Most of our cells can maintain their function as they age by constantly replacing their constituent proteins and metabolites. Oxygen delivering red blood cells (RBCs) do not reproduce these constituents because they lack a nucleus and protein synthesis machinery. Instead, our body maintains a healthy RBC population by removing aged RBCs affected by oxidative stress from circulation and supplying new ones. While the life span of human RBC is normally around 120 days, some genetic conditions make RBCs more susceptible to oxidative stress and render the life span shorter. The molecular mechanisms behind RBC’s aging have been a focus of studies to understand these genetic conditions.

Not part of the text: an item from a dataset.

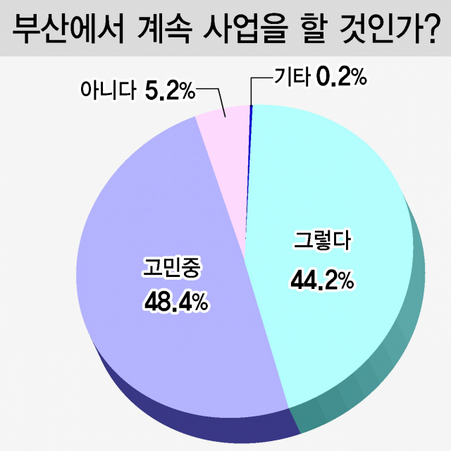 3일 코리아스타트업포럼 동남권협의회(이하 코스포 동남권협의회)에 땨르면 부산 스타트업 대표 95명을 대상으로 부산 창업 환경에 대한 긴급 설문조사를 한 결과, 95명 중 51명이 부산에서 사업을 지속하지 않거나 떠날 고민을 한다고 응답했다. ‘부산에서 계속 사업을 할 것인가’라는 질문에 46명이 ‘고민 중’(48.4%), 5명이 ‘아니다’(5.3%)라고 답했다. ‘그렇다’는 응답은 42명(44.2%)에 그쳤다.

"The connection wasn't obvious between the changes in metabolites in RBCs and the timing of removal." explains Hanae Shimo of QBiC, the lead author of the paper published recently in PLoS Computational Biology[1]. "The appearance of patchy aggregations of Band 3 proteins on the surface of RBCs could trigger their removal. But we didn't know the details of how this clustering of Band 3 occurs." To visualize the movement of Band 3, one of the major membrane proteins on RBC surface, she took advantage of Spatiocite, a computer program developed by QBiC's Satya Arjunan, which can simulate stochastic molecular diffusion events. His simulation program combined with a kinetic model of RBCs antioxidant metabolism successfully described time dependent appearance of Band 3 clusters on the RBC surface under oxidative stress. The authors provided deeper understanding of the Band 3 clustering mechanism and predicted the clustering behavior under various conditions.

Shimo hopes these studies will improve our understanding of the physiology of anemia-associated RBC disorders and will aid in the quality control of stored RBCs used for blood transfusion as well.